Saturday 28 May 2016

French Infantry

Things are a bit chaotic at the moment (at work and at home) and my small workbench is barely visible what with half painted figures, bottles of glue and bits of polystyrene and cardboard all over the place.  All the signs of frenetic multi-tasking.  Anyway, here are some figures that I finished last week or so: Italeri French Napoleonic infantry.
These are very nice figures and far outstrip any other 1/72 scale plastics I've seen (mainly on Plastic Soldier Review, rather than in the flesh).  Being later period figures they are wearing trousers over their breeches which makes a change from the old Airfix figures I have painted previously (see here and here).
I also took the opportunity to make them a bit more campaign style with some of them wearing brown trousers.  The poses in the packs are fairly static but they are nice and robust looking and the detail easily rivals things like the 28mm Perry plastics (in my opinion).  In fact these figures are actually quite tall, being closer to 25mm than the regulation 20mm.
There are voltigeurs and grenadiers in the mix but for my units I just painted them all as fusileers (although I left the red strips on the grenadiers' shakos - I may paint over them later).  I quite like the figure reaching back into his cartridge box, although from some angles he looks like he's massaging his lumbago.

Having bought two packets of these I can make six 16 figure units (based on 60mm x 20mm bases as per WRG 1685-1845) and because there are three officers, drummers and standard bearers per pack that means I don't have to scrabble around in my spares box looking for figures to convert for the command elements.
For information, my painting style for this scale (and 15mm) is to undercoat in black and then paint a shade coat (light grey for white areas) and then overpaint the main colour, letting some of the shade layer show through.  I'm not patient enough to do that whole three layer system thing required for larger figures.

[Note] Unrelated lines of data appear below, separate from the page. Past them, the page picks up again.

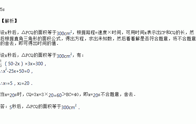 如图,在△ABC中,AC=50 cm,BC=40 cm,∠C=90°,点P从点A开始沿AC边向点C以2 cm/s的速度匀速移动,同时另一点Q从点C开始以3 cm/s的速度沿着射线CB匀速移动,当△PCQ的面积等于300 cm2时,运动时间为__________.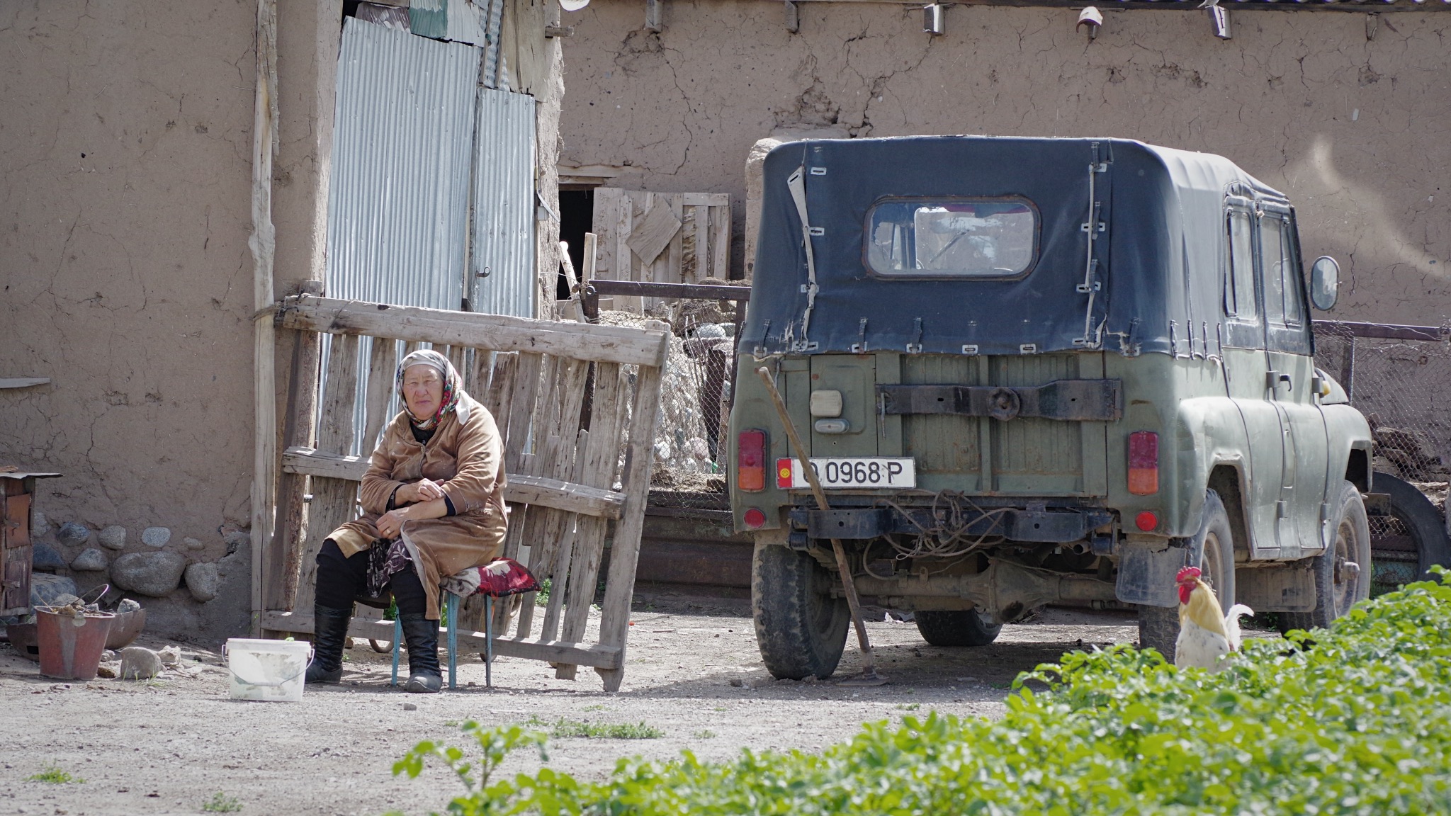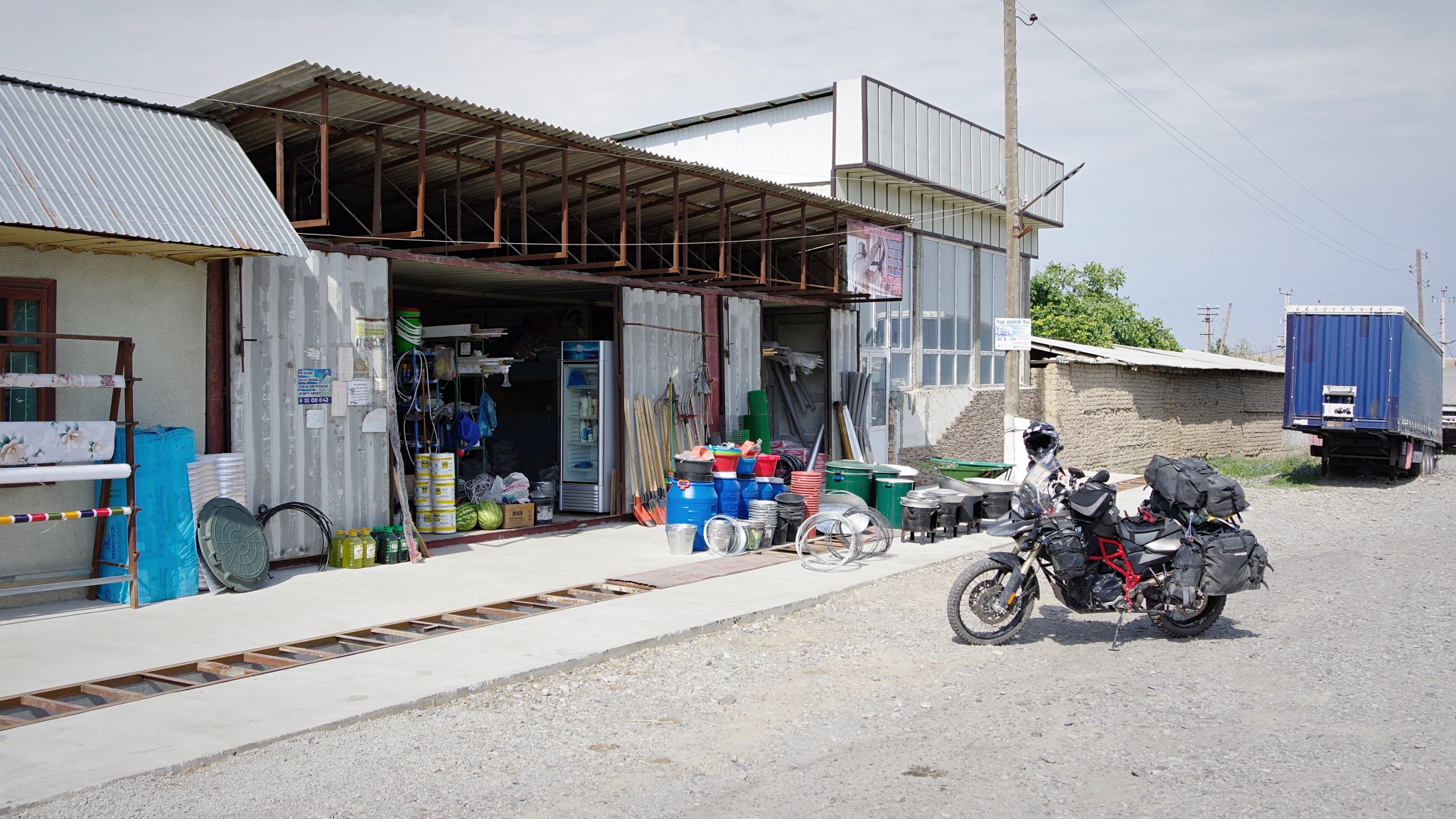 Une pause s’impose pour trouver de quoi réparer nos « gonflants » car après nos deux journées reposantes nous avons deux outres à eau qui fuient et un matelas (le pire c’est que c’est le mien) qui présente quatre petits trous (au moins). Dans un boui boui au bord de la route genre caverne d’Ali Baba des bricoleurs je trouverai de la colle bi-composant, de la cyano-acrylate, du papier de verre et de la toile cirée pour faire rustine le tout à 3,25 euros. Nos champions autoproclamés du bricolage ont des leçons à prendre !Les réparations, charges de batteries se feront à Sary Mogol, à quelques pas de la frontière Tadjique.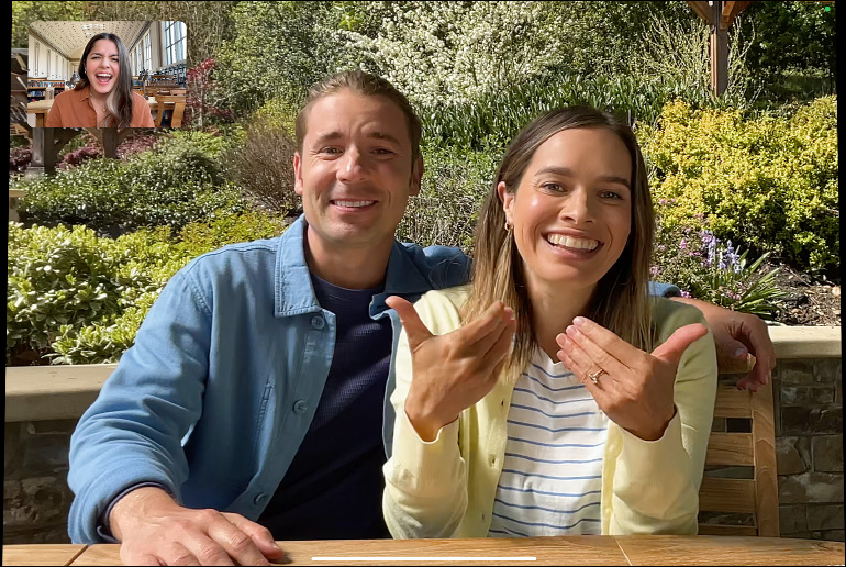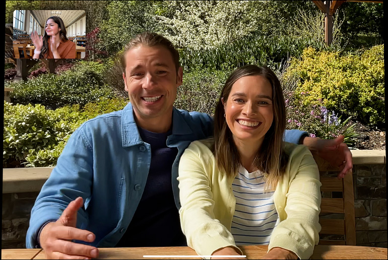 iPad Air, vu de face, la personne utilisatrice est sur FaceTime et en train de consulter Keynote, un autre iPad Air vu de dos est en arrière-plan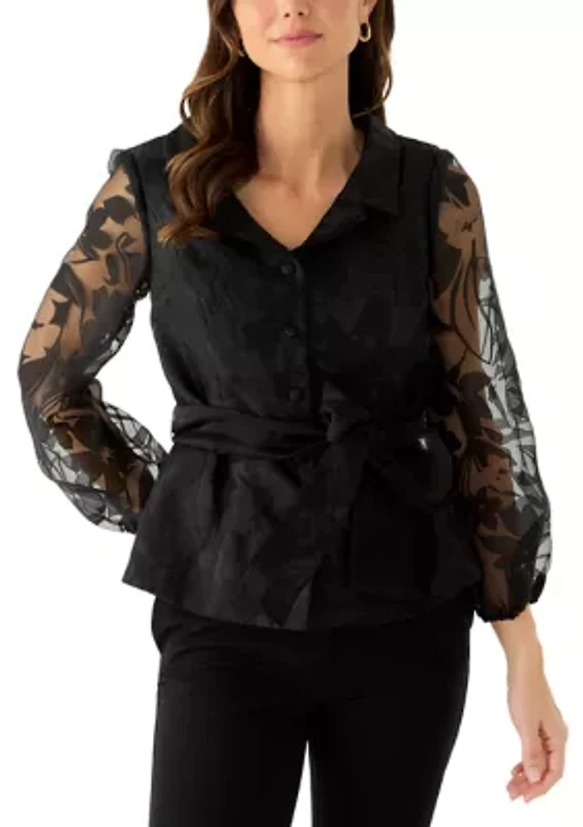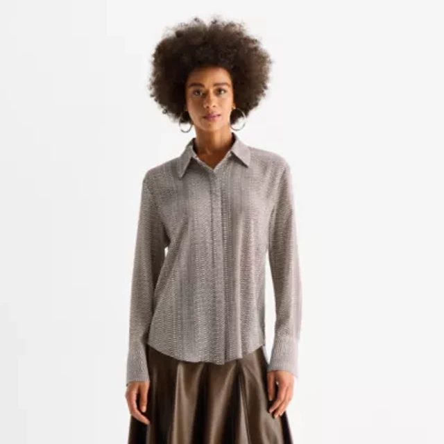 Kasper Women's Button-Front Long-Sleeve Collared Neck Blouse

For the faces I paint them a sort of rust colour and then dab four points of flesh on the chin, nose and cheeks, which does the trick.  Finally, I base them using coarse shelly sand stuck on with PVA glue, giving it a wash of dark earth, followed by a dry brush with a sand colour and then with some Javis flock added leaving plenty of earth showing through.

2 comments:

WSTKS-FM Worldwide said...

You can't beat late-period French in my view. Very nice figures and basing. How do you basecoat these plastic figures first? DO you seal them when the painting proper is completed?

Best Regards,

Stokes

The Wishful Wargamer said...

Hi Heinz-Ulrich, I just wash them thoroughly in detergent and then undercoat in Revell black acrylic. The plastic is quite stiff (certainly far less flexible than Airfix figures), though not hard. I should probably seal them afterwards but they likely won't get a huge amount of wear so if any paint came off I would just touch them up again.